Dataset entries

──────────

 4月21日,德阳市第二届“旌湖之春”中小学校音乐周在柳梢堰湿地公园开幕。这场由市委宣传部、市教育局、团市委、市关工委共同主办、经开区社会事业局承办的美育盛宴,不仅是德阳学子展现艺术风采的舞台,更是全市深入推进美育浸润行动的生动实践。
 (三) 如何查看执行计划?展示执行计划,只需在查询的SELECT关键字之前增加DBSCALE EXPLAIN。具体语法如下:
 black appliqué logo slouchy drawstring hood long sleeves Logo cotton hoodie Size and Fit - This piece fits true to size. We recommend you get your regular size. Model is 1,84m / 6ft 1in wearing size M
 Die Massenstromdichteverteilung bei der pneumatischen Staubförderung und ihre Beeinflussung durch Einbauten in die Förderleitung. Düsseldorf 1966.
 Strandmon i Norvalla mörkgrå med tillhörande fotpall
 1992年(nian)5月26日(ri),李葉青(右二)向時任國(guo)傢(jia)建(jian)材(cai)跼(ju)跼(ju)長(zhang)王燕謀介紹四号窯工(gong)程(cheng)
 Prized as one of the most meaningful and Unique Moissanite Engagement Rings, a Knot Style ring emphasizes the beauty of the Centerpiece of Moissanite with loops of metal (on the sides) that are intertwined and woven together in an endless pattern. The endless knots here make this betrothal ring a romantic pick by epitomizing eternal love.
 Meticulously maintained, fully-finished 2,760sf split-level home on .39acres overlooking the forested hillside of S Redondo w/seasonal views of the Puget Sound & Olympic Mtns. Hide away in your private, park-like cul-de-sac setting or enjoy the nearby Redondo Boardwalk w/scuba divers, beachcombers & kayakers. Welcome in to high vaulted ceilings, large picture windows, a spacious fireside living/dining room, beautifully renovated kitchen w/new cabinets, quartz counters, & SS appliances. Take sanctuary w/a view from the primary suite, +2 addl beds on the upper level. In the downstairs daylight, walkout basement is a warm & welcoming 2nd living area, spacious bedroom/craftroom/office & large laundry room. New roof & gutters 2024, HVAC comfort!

──────────

WHAT NEEDS TO BE DONE: Check each line above for the word "your" and copy the ones that have it.

RESPONSE:
 black appliqué logo slouchy drawstring hood long sleeves Logo cotton hoodie Size and Fit - This piece fits true to size. We recommend you get your regular size. Model is 1,84m / 6ft 1in wearing size M
 Meticulously maintained, fully-finished 2,760sf split-level home on .39acres overlooking the forested hillside of S Redondo w/seasonal views of the Puget Sound & Olympic Mtns. Hide away in your private, park-like cul-de-sac setting or enjoy the nearby Redondo Boardwalk w/scuba divers, beachcombers & kayakers. Welcome in to high vaulted ceilings, large picture windows, a spacious fireside living/dining room, beautifully renovated kitchen w/new cabinets, quartz counters, & SS appliances. Take sanctuary w/a view from the primary suite, +2 addl beds on the upper level. In the downstairs daylight, walkout basement is a warm & welcoming 2nd living area, spacious bedroom/craftroom/office & large laundry room. New roof & gutters 2024, HVAC comfort!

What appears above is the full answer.